Marie Wittich (27 May 1868 – 4 August 1931) was a German operatic soprano.  She was a Kammersängerin of the Dresden Royal Opera where she sang for 25 years and was known for the power, vibrancy and dramatic quality of her voice. She created the leading female roles in the world premieres of several operas, most famously, the title role in Salome by Richard Strauss. The novelist E. M. Forster, who saw her 1905 Dresden performance as Brünnhilde in Der Ring des Nibelungen, wrote: "She towered. She soared. Force, weight, majesty! She seemed to make history."

Biography 
Marie Wittich was born in Giessen and studied singing in Würzburg with Frau Ober-Ubrich, a sister of the prominent soprano Asminde Ubrich. She made her stage debut in 1882 in Magdeburg as Azucena in Il trovatore and went on to sing in Basle, Düsseldorf, Dresden, and Schwerin, where in 1886 she sang the title role of Gluck's Iphigénie en Aulide for the inauguration of the Mecklenburgisches Staatstheater. In 1889, she became a permanent member of the Dresden Royal Opera (Hofoper). Amongst her early performances, there were Lenore in Fidelio and Senta in The Flying Dutchman. While at Dresden, she also sang in several world premieres, including Penelope in August Bungert's Odysseus' Heimkehr (Odysseus' Return) (1896), Ulana in Paderewski's Manru (1901), and most famously the title role of Richard Strauss' Salome (1905).

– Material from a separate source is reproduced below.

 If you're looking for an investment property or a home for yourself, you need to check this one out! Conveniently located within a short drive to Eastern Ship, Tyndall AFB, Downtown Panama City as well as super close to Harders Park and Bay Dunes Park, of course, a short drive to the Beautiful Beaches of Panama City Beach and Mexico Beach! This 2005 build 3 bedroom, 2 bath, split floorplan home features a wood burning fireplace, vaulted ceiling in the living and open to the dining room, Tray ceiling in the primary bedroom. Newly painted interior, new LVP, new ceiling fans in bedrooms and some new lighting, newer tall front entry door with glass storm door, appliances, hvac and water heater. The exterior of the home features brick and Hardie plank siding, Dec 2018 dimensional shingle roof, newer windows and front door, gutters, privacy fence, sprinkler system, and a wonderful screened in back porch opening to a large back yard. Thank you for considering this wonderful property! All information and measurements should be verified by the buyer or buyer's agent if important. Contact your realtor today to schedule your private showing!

During the rehearsals for the premiere of Salome, several members of the cast became dismayed by the demanding and complex nature of their parts, none more so than Wittich, who was reluctant to sing a role which Strauss described as "a sixteen-year old princess with the voice of Isolde". Her reply to him was, "One just does not write like that, Herr Strauss. Either one thing or the other." She and most of the cast nearly withdrew from the production, but eventually relented and continued with the rehearsals. However Wittich, who was 37 with a somewhat matronly figure (Strauss referred to her as "Auntie Wittich"), flatly refused to perform Salome's Dance of the Seven Veils or to kiss the severed head of John the Baptist. Her oft-quoted remark to Strauss in this respect was: "I won't do it; I'm a decent woman." In the end, the opening night on 9 December 1905 was a triumph with the singers taking 38 curtain calls. A ballerina from the Dresden company performed the Dance of the Seven Veils.

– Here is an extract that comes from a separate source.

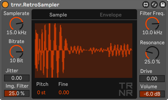 | Description: | RetroSampler is a lo-fi sample player inspired by hardware samplers of the 90s. It features adjustable sample and bit rate, clock jitter control, low pass filter with drive control and integrated ADSR envelope. Lowering the sample rate will introduce a sought-after "ringing" effect that is not just a simple decimation effect: the resampling algorithm accurately follows the transposed pitch without interpolation. Runs on 64bit Windows and Mac (Intel+Apple Silicon) systems. A fully featured version can be found here: ternar.tech/audio-software/retrosampler-pro Changelog: Version 2.2: - Completely rewritten sampler core in C++ to optimize load times, CPU usage and file footprint - New genuine envelope generator: a linear envelope with additional segments to mimic exponential/logarithmic slopes Version 2.0: - Updated resampling algorithm - Updated clock jitter algorithm - Added Imaging filter - Bit reduction now uses uLaw compansion - New filter design with drive control - Full ADSR envelope Version 1.01: - Updated resampling algorithm with proper anti-aliasing Version 1.0: - Initial release |

A distinguished Wagnerian singer, Wittich appeared regularly in Bayreuth from 1901 to 1909 where she sang Sieglinde, Kundry, and Isolde. She made her Covent Garden debut in 1905 as Brünnhilde in a performance described as "one of the most sympathetic and womanly Brünnhildes we have seen here." She continued to sing there through 1906 in four other Wagner roles – Elsa, Elisabeth, Isolde, and Sieglinde. Other theatres where she sang as a guest artist after 1900 were the Prague State Opera (1902), the Théâtre Royal de la Monnaie in Brussels (1907), and the National Theatre in Munich (1906 and 1907). In 1914, she made her farewell to the stage in a performance of Tristan und Isolde in Dresden, and taught singing there following her retirement.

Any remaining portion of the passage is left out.